4.2. Fish Sample Collection
The study was conducted in accordance with the ARVO Statement for the Use of Animals in Ophthalmic and Vision Research and the European Union Directive 2010/63/EU on the protection of animals used for scientific purposes, and with the ethical approval from the International Tomography Center (ECITC-2017-02). No special permission from the national or local authorities is required.
Pike-perch (Sander lucioperca, body weight 200–300 g) and Siberian roach (Rutilus rutilus lacustris, body weight 80–110 g) were caught in the Ob reservoir: S. lucioperca—in October (n = 8) and February (n = 7); R. rutilus lacustris—in November (n = 10) and February (n = 8). The exact dates and conditions of catching are given in Supplementary Material (Table S1). The fish were killed with a concussive blow to the head immediately after the catching, the lenses and gills were cut from the fish, frozen and kept at −70 °C until analyzed.
4.3. Fish Lens and Gill Preparation
Each fish lens was weighed prior to homogenization: for S. lucioperca, the typical lens weight was 100 mg, and for R. rutilus lacustris—40 mg. Only one lens from each fish was used for the analysis. The lens was placed in a glass vial and homogenized with a TissueRuptor II homogenizer (Qiagen, Netherlands) in 1600 µL of cold (−20 °C) MeOH, and then, 800 µL of water and 1600 µL of cold chloroform were added. The mixture was shaken well in a shaker for 20 min and left at −20 °C for 30 min. Then the mixture was centrifuged at 16,100× g, +4 °C for 30 min, yielding two immiscible liquid layers separated by a protein layer. The upper aqueous layer (MeOH-H2O) was collected, divided into two parts for NMR (2/3) and LC-MS (1/3) analyses, and lyophilized.

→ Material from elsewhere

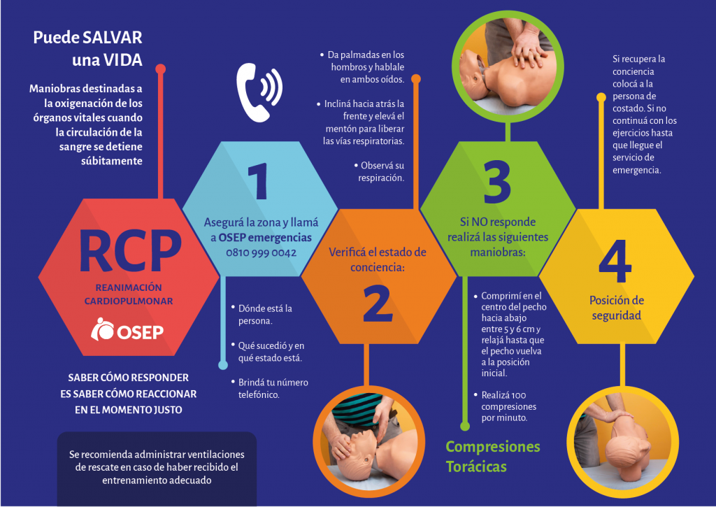 Cabe destacar que entre 30.000 y 40.000 personas mueren por año en Argentina a causa de muerte súbita, es decir 1 persona cada 15 minutos. La técnica de RCP, que OSEP difunde a través de diferentes acciones, puede ofrecer entre 40% y 50% más de posibilidades reales de recuperación a una persona que ha sufrido un paro cardiorrespiratorio si se realiza inmediatamente, aunque no sea ejecutada por un profesional de la salud, mientras se espera la llegada de una unidad de emergencia.

Each fish gill was divided into arch and filaments. Only gill filaments were used for the analysis. Samples were weighed prior to homogenization: for S. lucioperca, the typical gill filament weight was 95 mg, and for R. rutilus lacustris—110 mg. The homogenization and extraction procedures for gill filaments were performed in the same way as for fish lenses.
4.4. NMR Measurements
The extracts for NMR measurements were re-dissolved in 600 μL of D2O containing 6 × 10−6 M sodium 4,4-dimethyl-4-silapentane-1-sulfonic acid (DSS) as an internal standard and 20 mM deuterated phosphate buffer to maintain pH 7.2.
The 1H NMR measurements were carried out at the Center of Collective Use «Mass spectrometric investigations» SB RAS on a NMR spectrometer AVANCE III HD 700 MHz (Bruker BioSpin, Rheinstetten, Germany) equipped with a 16.44 Tesla Ascend cryomagnet. The proton NMR spectra for each sample were obtained with 96 accumulations. Temperature of the sample during the data acquisition was kept at 25 °C, the detection pulse was 90 degree. The repetition time between scans was 20 s to allow for the relaxation of all spins. Low power radiation at the water resonance frequency was applied prior to acquisition to presaturate the water signal. The concentrations of metabolites in the samples were determined by the peak area integration respectively to the internal standard DSS.
4.5. LC-MS Measurements
The extracts for LC-MS analysis were re-dissolved in 100 μL of aqueous solution containing 10 μM N-acetyltryptophanamide as an internal control. For each sample, three dilutions (1, 1/4, 1/16) were made to extend the coverage of metabolite concentrations.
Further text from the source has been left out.